**The task:** When you reach the line with "Подробнее о том, как" in the records below, begin transcribing exactly and continue up to and including the line with "Gehe auf die", leaving out every picture.

**** Source material

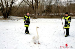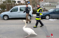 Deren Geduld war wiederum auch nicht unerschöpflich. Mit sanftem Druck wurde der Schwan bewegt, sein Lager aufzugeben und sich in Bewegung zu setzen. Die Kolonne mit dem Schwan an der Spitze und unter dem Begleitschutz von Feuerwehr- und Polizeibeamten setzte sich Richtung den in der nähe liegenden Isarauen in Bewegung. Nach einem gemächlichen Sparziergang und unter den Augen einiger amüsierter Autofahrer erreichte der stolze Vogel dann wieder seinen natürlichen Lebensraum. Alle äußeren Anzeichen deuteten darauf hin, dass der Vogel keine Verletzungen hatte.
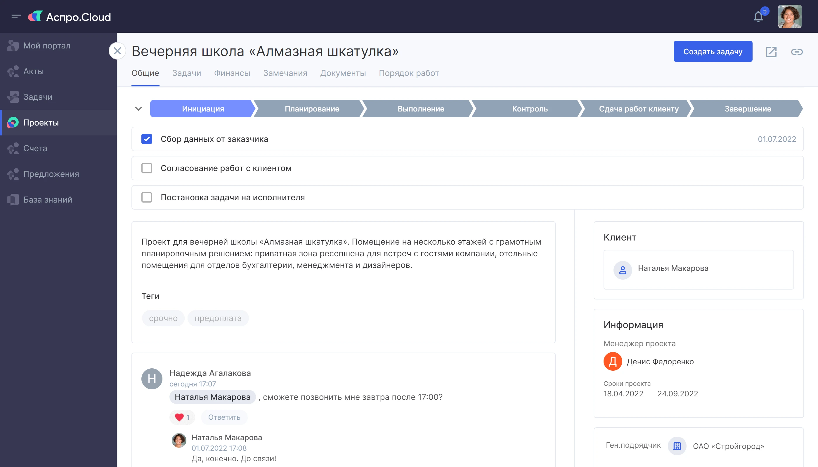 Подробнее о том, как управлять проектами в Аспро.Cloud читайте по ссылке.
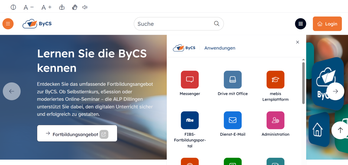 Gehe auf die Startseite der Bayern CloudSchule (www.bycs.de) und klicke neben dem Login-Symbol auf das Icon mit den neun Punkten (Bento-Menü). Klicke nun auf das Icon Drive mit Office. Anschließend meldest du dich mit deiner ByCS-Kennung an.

********
**** Source material

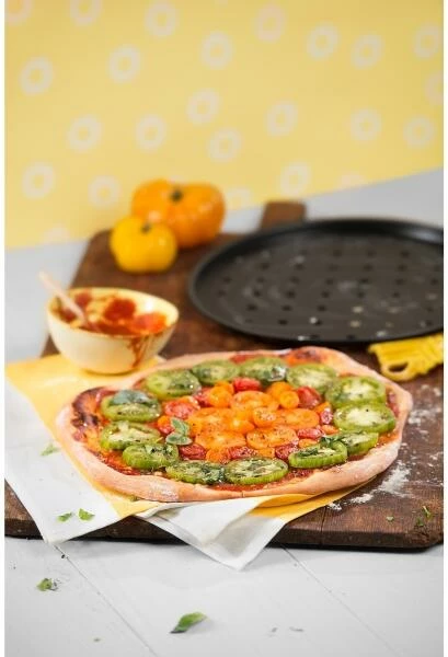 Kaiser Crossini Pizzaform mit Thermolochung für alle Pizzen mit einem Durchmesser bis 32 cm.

********

**Task output:**
 Подробнее о том, как управлять проектами в Аспро.Cloud читайте по ссылке.
 Gehe auf die Startseite der Bayern CloudSchule (www.bycs.de) und klicke neben dem Login-Symbol auf das Icon mit den neun Punkten (Bento-Menü). Klicke nun auf das Icon Drive mit Office. Anschließend meldest du dich mit deiner ByCS-Kennung an.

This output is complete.